Data in this exercise
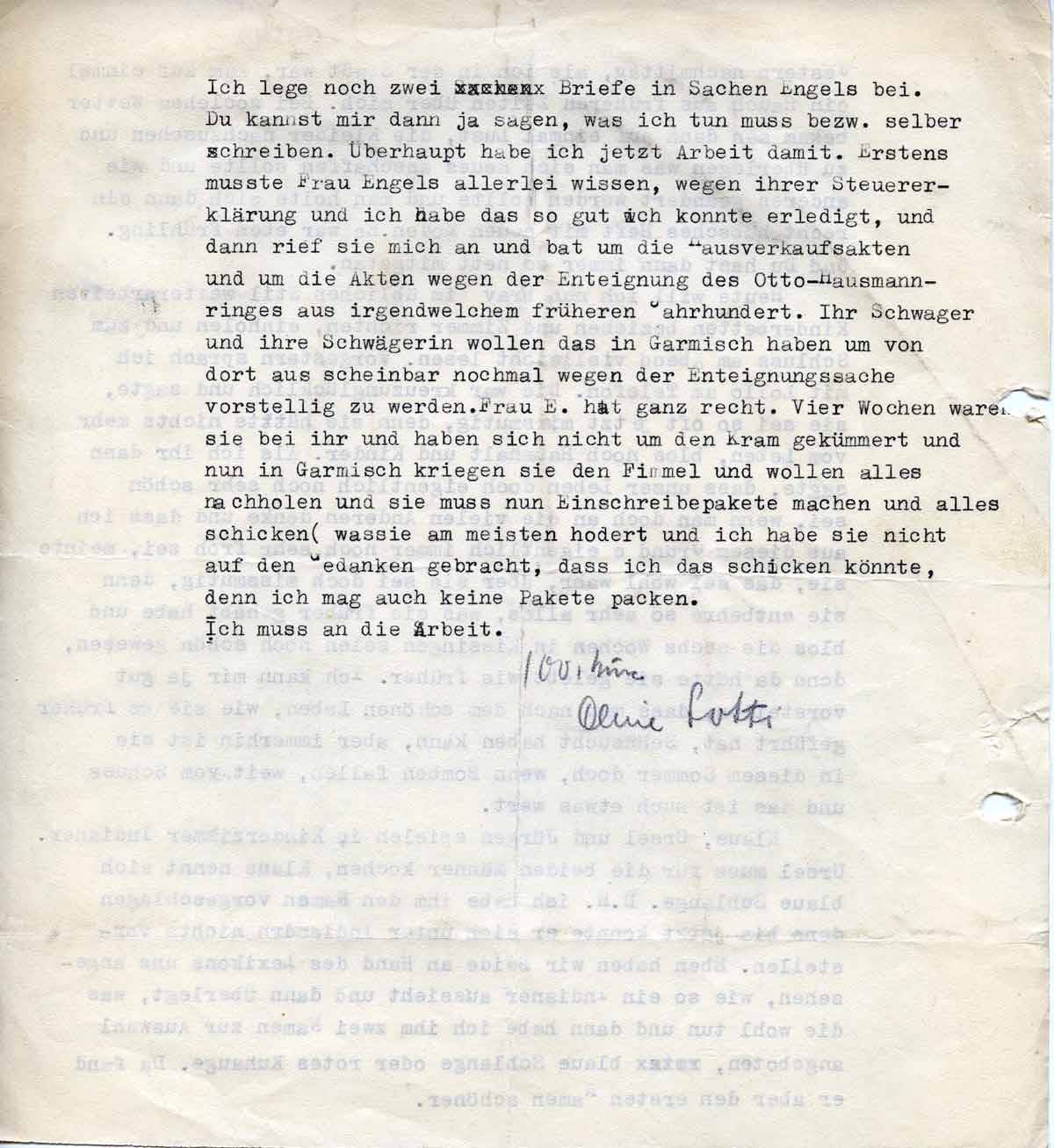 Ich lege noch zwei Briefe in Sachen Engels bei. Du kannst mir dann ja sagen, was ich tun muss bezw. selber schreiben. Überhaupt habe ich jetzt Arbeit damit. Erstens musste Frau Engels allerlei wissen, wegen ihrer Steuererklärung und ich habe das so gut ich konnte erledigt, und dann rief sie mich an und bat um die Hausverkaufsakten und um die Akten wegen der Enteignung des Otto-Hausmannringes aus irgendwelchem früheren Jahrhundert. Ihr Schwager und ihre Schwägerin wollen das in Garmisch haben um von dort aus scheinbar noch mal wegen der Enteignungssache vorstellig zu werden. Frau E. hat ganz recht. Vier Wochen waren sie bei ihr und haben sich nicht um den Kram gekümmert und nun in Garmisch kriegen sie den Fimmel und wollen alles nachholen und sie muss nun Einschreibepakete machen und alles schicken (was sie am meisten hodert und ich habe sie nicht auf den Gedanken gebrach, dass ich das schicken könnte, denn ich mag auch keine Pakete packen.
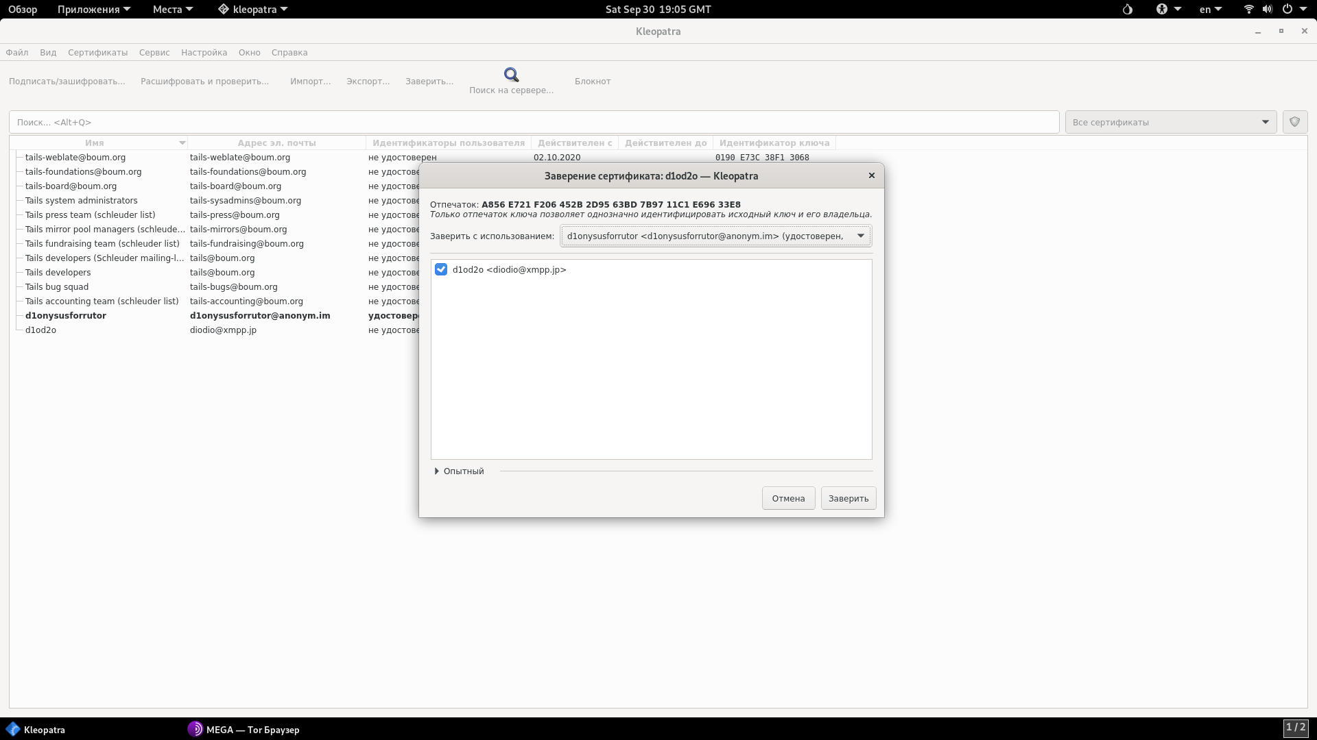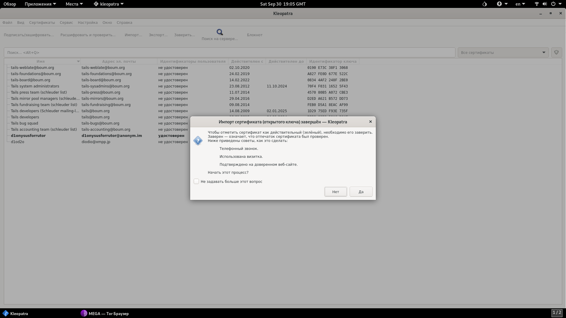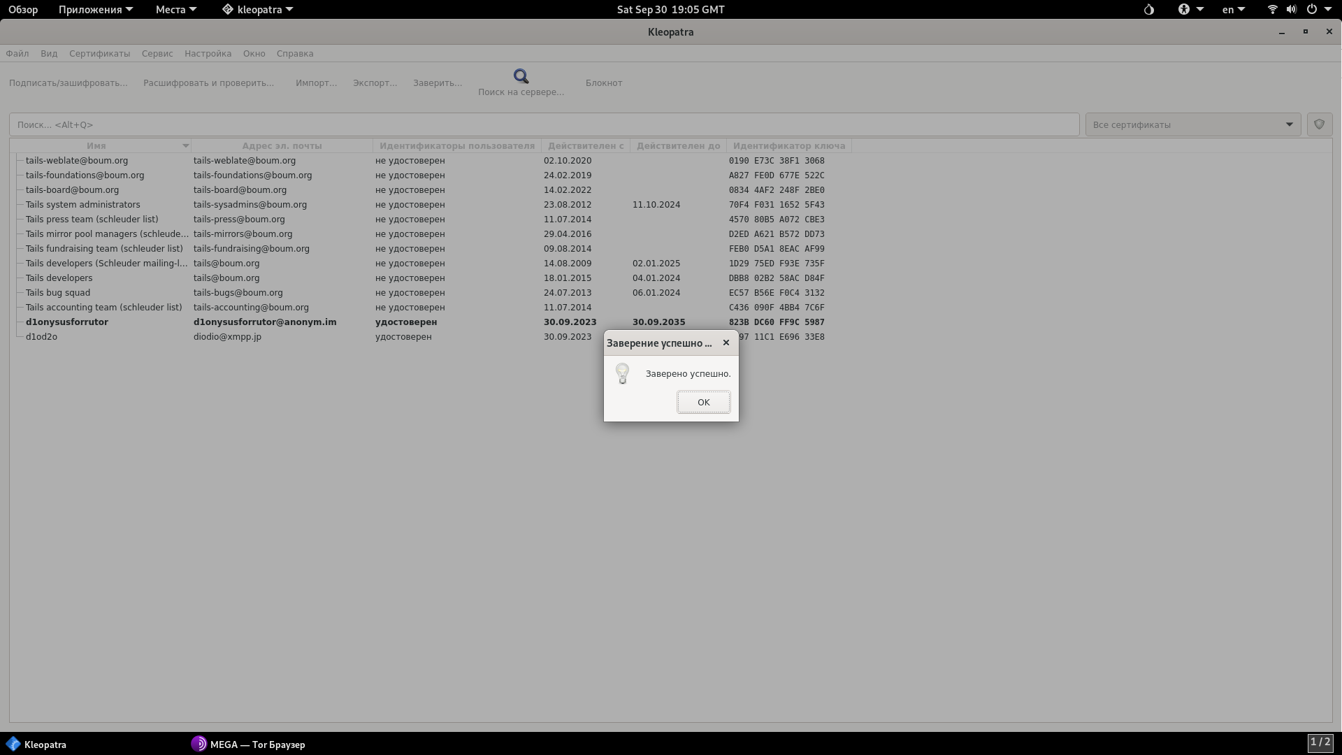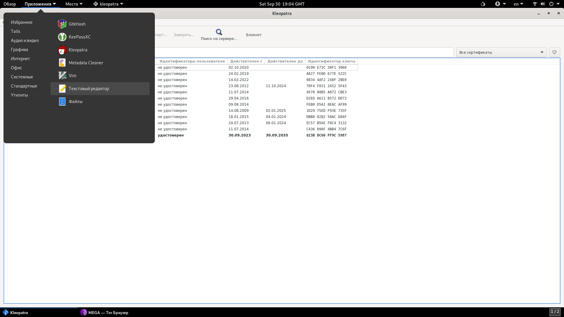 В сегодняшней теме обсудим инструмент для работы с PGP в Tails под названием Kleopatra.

* * *

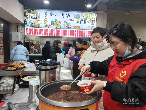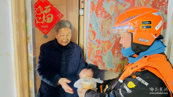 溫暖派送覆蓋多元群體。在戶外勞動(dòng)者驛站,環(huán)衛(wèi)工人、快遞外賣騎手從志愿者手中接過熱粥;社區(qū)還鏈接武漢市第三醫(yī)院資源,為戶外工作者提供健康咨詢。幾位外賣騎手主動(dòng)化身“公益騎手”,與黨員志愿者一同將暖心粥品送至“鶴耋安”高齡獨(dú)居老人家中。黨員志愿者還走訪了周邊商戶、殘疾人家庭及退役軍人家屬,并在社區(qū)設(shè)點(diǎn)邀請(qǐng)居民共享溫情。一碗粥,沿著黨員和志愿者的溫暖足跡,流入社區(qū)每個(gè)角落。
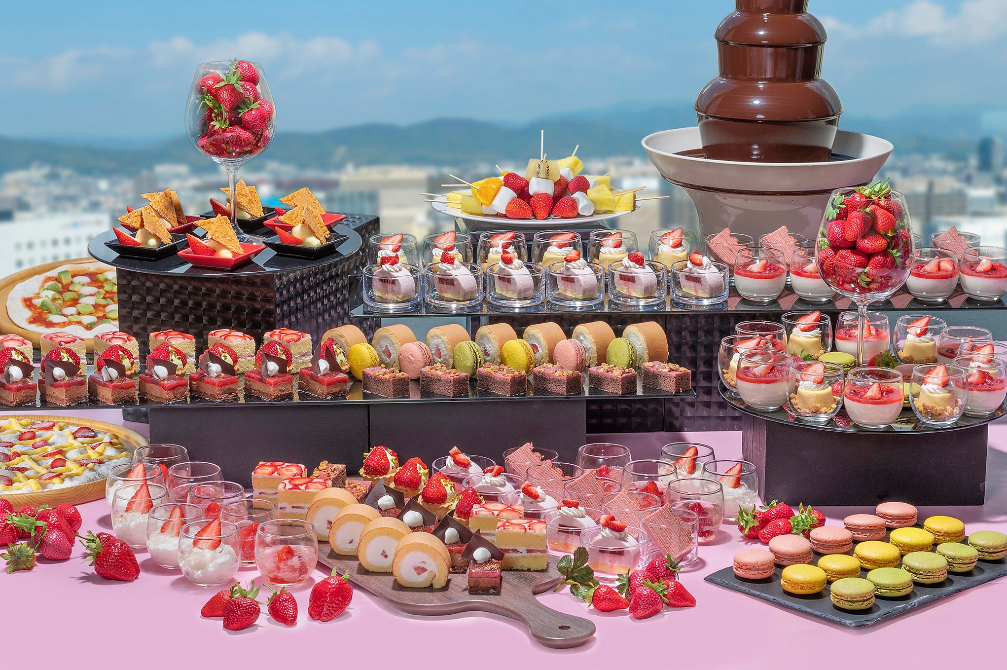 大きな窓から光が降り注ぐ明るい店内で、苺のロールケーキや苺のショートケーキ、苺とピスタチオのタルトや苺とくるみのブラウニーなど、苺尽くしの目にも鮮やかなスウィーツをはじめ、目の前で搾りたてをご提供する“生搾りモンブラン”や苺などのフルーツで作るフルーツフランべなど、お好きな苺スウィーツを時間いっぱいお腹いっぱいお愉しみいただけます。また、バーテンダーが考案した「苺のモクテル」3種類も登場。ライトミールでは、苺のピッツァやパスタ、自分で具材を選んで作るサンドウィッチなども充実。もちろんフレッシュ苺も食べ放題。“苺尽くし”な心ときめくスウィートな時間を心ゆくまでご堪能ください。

Exercise aim
Please transcribe exactly the part of the records that opens with the line containing "溫暖派送覆蓋多元群體。在戶外" and closes with the line containing "大きな窓から光が降り注ぐ明る", both ends included, and leave out the pictures.

Output below
 溫暖派送覆蓋多元群體。在戶外勞動(dòng)者驛站,環(huán)衛(wèi)工人、快遞外賣騎手從志愿者手中接過熱粥;社區(qū)還鏈接武漢市第三醫(yī)院資源,為戶外工作者提供健康咨詢。幾位外賣騎手主動(dòng)化身“公益騎手”,與黨員志愿者一同將暖心粥品送至“鶴耋安”高齡獨(dú)居老人家中。黨員志愿者還走訪了周邊商戶、殘疾人家庭及退役軍人家屬,并在社區(qū)設(shè)點(diǎn)邀請(qǐng)居民共享溫情。一碗粥,沿著黨員和志愿者的溫暖足跡,流入社區(qū)每個(gè)角落。
 大きな窓から光が降り注ぐ明るい店内で、苺のロールケーキや苺のショートケーキ、苺とピスタチオのタルトや苺とくるみのブラウニーなど、苺尽くしの目にも鮮やかなスウィーツをはじめ、目の前で搾りたてをご提供する“生搾りモンブラン”や苺などのフルーツで作るフルーツフランべなど、お好きな苺スウィーツを時間いっぱいお腹いっぱいお愉しみいただけます。また、バーテンダーが考案した「苺のモクテル」3種類も登場。ライトミールでは、苺のピッツァやパスタ、自分で具材を選んで作るサンドウィッチなども充実。もちろんフレッシュ苺も食べ放題。“苺尽くし”な心ときめくスウィートな時間を心ゆくまでご堪能ください。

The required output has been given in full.